Jumat, 03 Desember 2010

Kekerasan Dalam Rumah Tangga

Sepasang pria dan wanita yang memilih untuk menikah dan berumah tangga, mereka harus dapat mengerti apa tujuan mereka untuk mengambil keputusan tersebut. karena pada hakikatnya, seseorang yang telah mengambil keputusan untuk bemenikah dan berumah tangga adalah menjadi keluarga yang harmonis, menghormati pasangan masing-masing, mendidik anak-anak mereka dengan baik.

Tetapi akhir-akhir ini, banyak media massa yang memberitakan kekerasan dalam rumah tangga. Yang umumnya dilakukan oleh seorang suami pada istrinya, contoh kasus yang sempat marak dibicarakan adalah kasus KDRT yang dialami oleh Lisa, seorang ibu rumah tangga yang wajahnya menjadi rusak akibat disiram air keras oleh suamnya. Seorang suami yang seharusnya menjadi imam yang baik dalam rumah tangganya, tetapi malah menyiksa istrinya sendiri.

Menurut Menteri Negara Pemberdayaan Perempuan, sekitar 24 juta perempuan di Indonesia mengalami kekerasan dalam rumah tangga, tetapi jumlah yang pasti belum diperoleh. Di Indonesia, pada tahun 1998 jumlah kekerasan yang terjadi pada istri yang tidak bekerja adalah 39,7 % dan 35,7 % pada istri yang bekerja.

KDRT pada istri tidak akan terjadi jika tidak ada penyebabnya. Di negara kita, Indonesia, kekerasan pada perempuan merupakan salah satu budaya negatif yang tanpa disadari sebenarnya telah diturunkan secara turun temurun. Apa saja penyebab kekerasan pada istri? Beberapa faktor yang menyebabkan terjadinya kekerasan suami terhadap istri, antara lain:

1) Masyarakat membesarkan anak laki-laki dengan menumbuhkan keyakinan bahwa anak laki-laki harus kuat, berani dan tidak toleran.

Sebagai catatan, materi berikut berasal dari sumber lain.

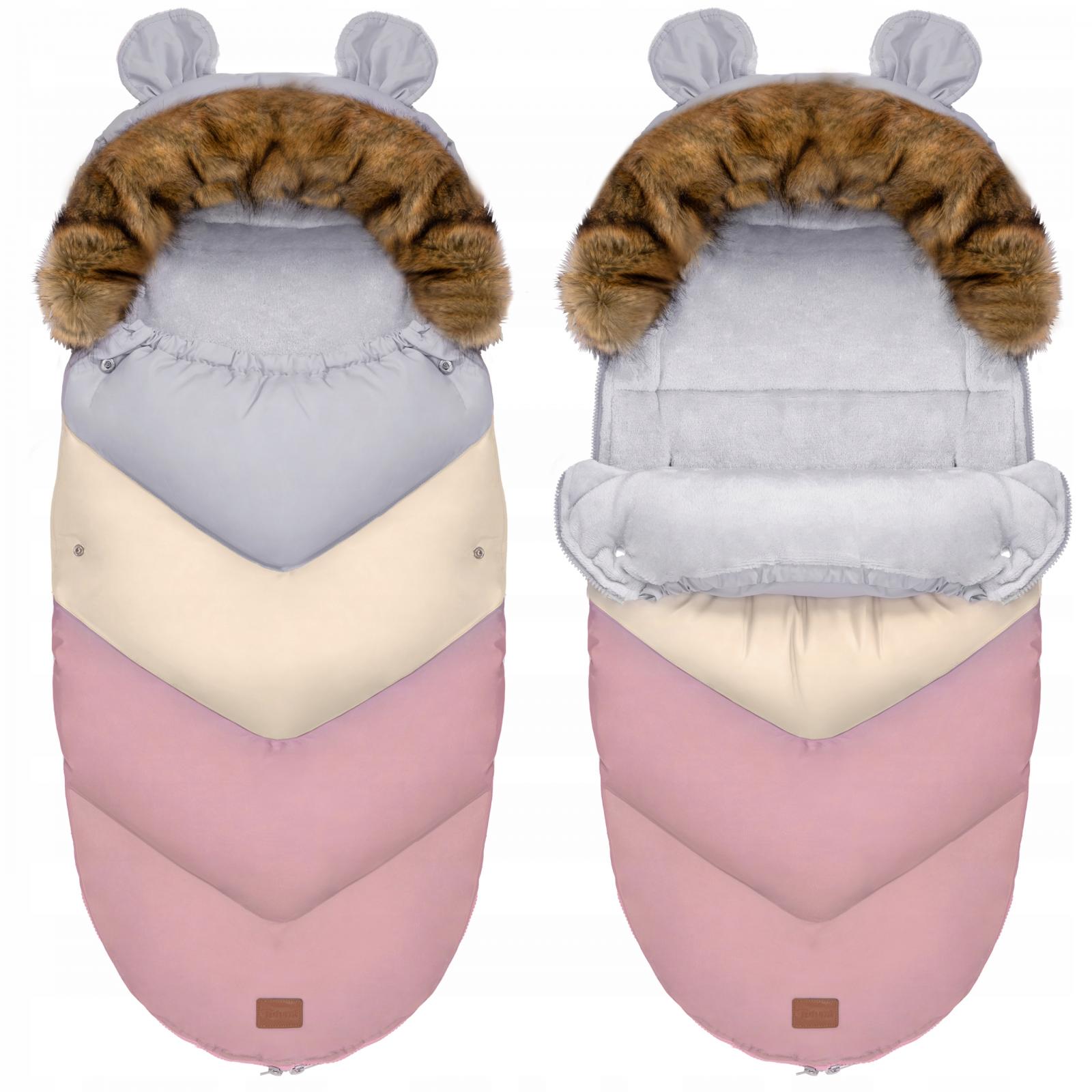 Fusak do kočíka TEDDY PRE V-LINE - pastelový ružový/béžový/sivý

2) Laki-laki dan perempuan tidak diposisikan setara dalam masyarakat.

3) Persepsi mengenai kekerasan yang terjadi dalam rumah tangga harus ditutup karena merupakan masalah keluarga dan bukan masalah sosial.

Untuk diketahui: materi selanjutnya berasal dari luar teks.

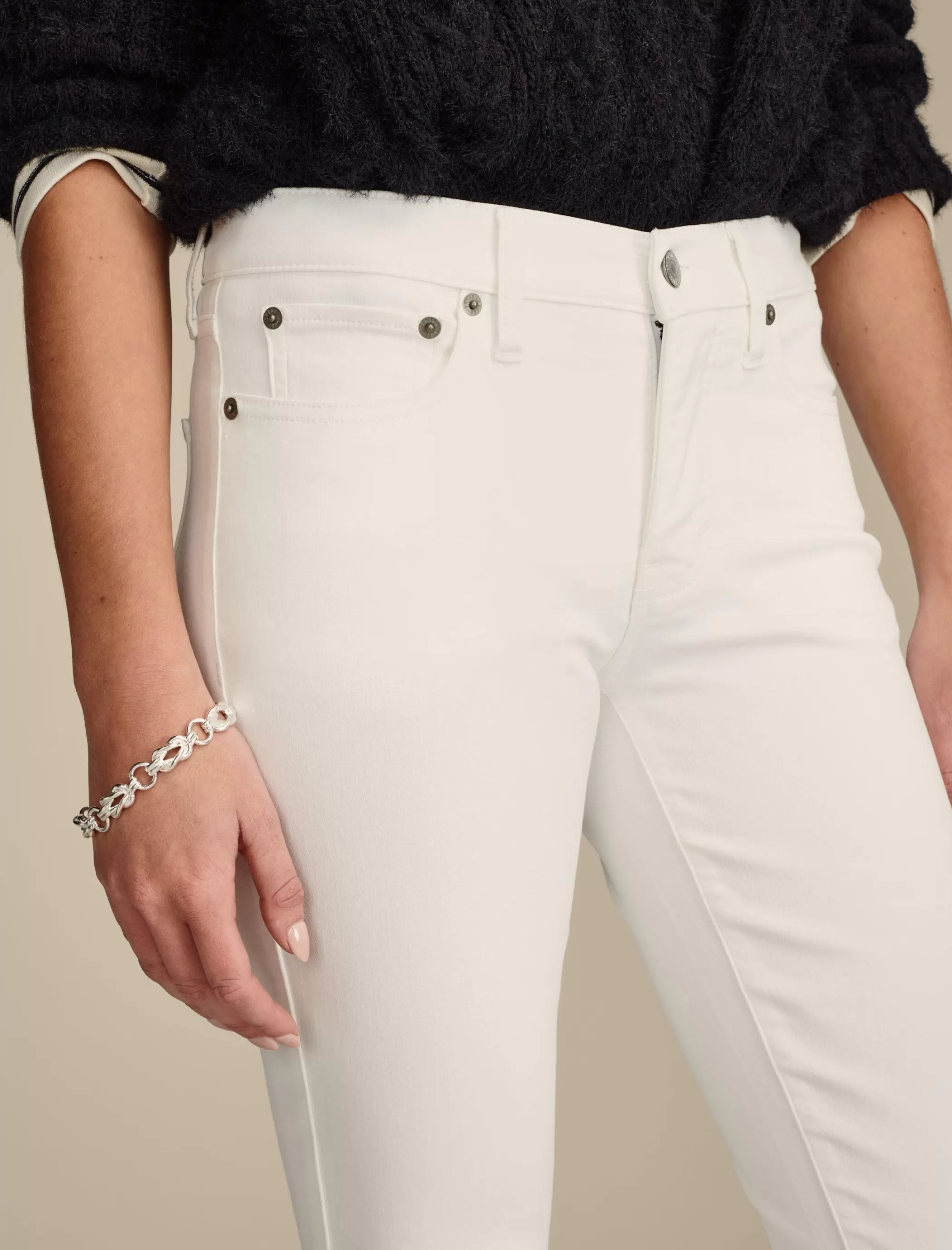 - Mid rise with a skinny fit and skinny leg

4) Pemahaman yang keliru terhadap ajaran agama mengenai aturan mendidik istri, kepatuhan istri pada suami, penghormatan posisi suami sehingga terjadi persepsi bahwa laki-laki boleh menguasai perempuan.

5) Budaya bahwa istri bergantung pada suami, khususnya ekonomi.

6) Kepribadian dan kondisi psikologis suami yang tidak stabil.

7) Pernah mengalami kekerasan pada masa kanak-kanak.

8) Budaya bahwa laki-laki dianggap superior dan perempuan inferior.

9) Melakukan imitasi, terutama anak laki-laki yang hidup dengan orang tua yang sering melakukan kekerasan pada ibunya atau dirinya.

Dalam menghadapi masalah ini pemerintah telah menetapkan UU RI No. 23 Tahun 2004 tentang Penghapusan Kekerasan Dalam Rumah Tangga. Dengan adanya UU ini, maka orang yang melakukan kekerasan dalam rumah tangga akan di kenakan sanksi pidana.